Comprehensive Tools & Technologies
- AWS Services: EC2, EKS, VPC, S3, RDS, ELB, IAM, Organizations, CodePipeline, CloudWatch, Route53
- GCP Services: Vertex AI, Cloud Run, IAM, AI Studio, Cloud Billing
- Cloud CLI: AWS CLI, gcloud CLI, kubectl, eksctl
- Containerization: Docker, Docker Compose, Docker Buildx, Docker Manifest, Helm
- CI/CD Platforms: GitLab CI/CD, AWS CodePipeline, ArgoCD, Jenkins
- IaC & Configuration: Terraform, Ansible
- Monitoring & Observability: Grafana, Prometheus, Loki, Tempo, Jaeger, Kibana, CloudWatch
- Scripting & Automation: Python, Bash, n8n, Cron
- AI Workflows (Daily): ChatGPT, Claude AI (Skills, Sub-agents, Co-working), Gemini, GitHub Copilot, MCP
- AI CLI Tools: Kiro CLI, Amazon Q CLI, Gemini CLI
- Version Control: Git, GitLab, GitHub
- OS & Environment: Linux (Ubuntu, Amazon Linux), WSL, SSH
- Project Management: Redmine, Agile/Scrum
Engineering Philosophy & Work Ethic
- Leadership & Ownership: Led the AI team as Tech Lead, drove critical architecture decisions, and took full ownership of complex projects from initial research to stable production.

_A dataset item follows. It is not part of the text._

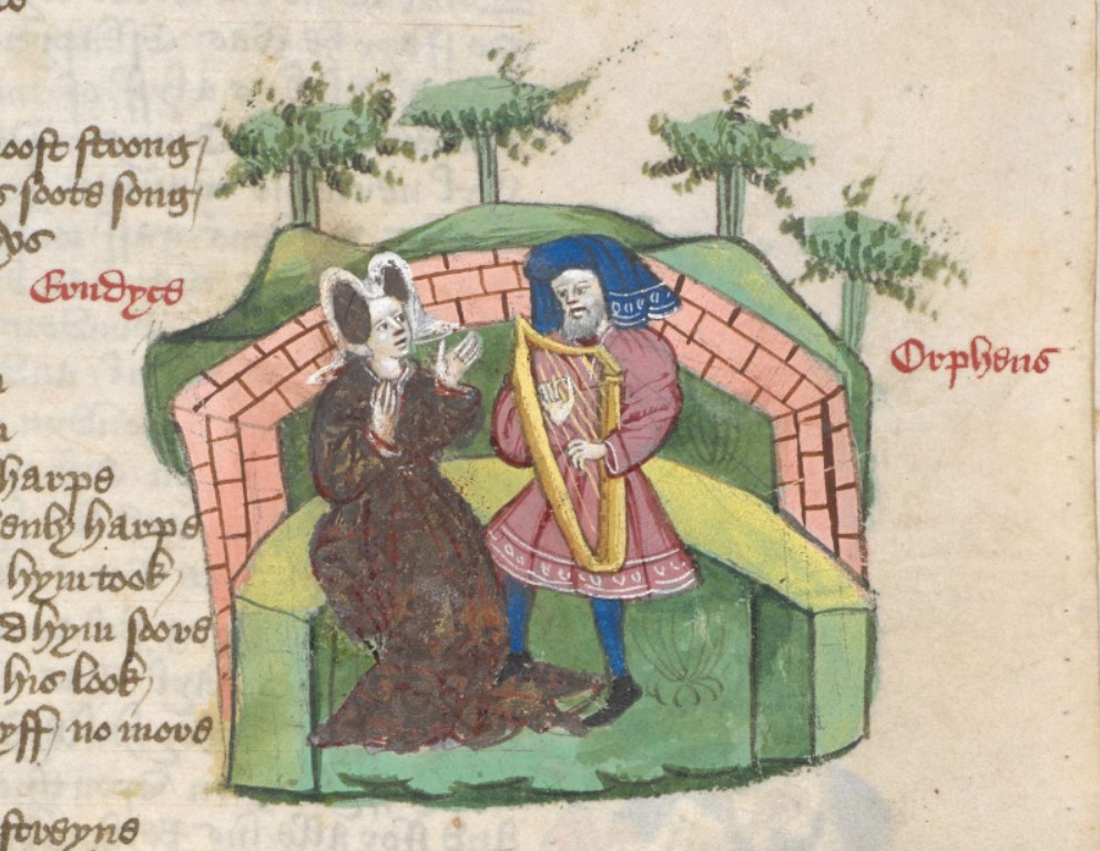Londra, British Library, Harley 1766, f. 76r. Orfeo suona l'arpa per la moglie Euridice.

- Fast Technology Adoption: Continuously evaluated and integrated emerging technologies (LightRAG, KAG, Gemini, MCP, AI Agents) into production pipelines within weeks.
- Cross-team Collaboration: Partnered closely with Customer Service, HR, and Recruitment departments to deliver AI solutions that accurately solved real-world business bottlenecks.
- Problem-Solving under Pressure: Re-architected critical systems (e.g., Call Scoring, AWS OU zero-downtime migration) while strictly maintaining daily banking operations.
- Mentoring & Knowledge Sharing: Guided cross-functional team members on DevOps methodologies, cloud architecture, and AI integration patterns, enabling them to operate independently.
- Self-motivated & Proactive: Independently researched new tech, initiated POCs, and proposed architectural upgrades before being asked — driving relentless innovation within the platform.
- Critical Thinking (Trade-offs): Constantly evaluated vital metrics regarding cost (FinOps), performance, and reliability when making large-scale engineering and infrastructure decisions.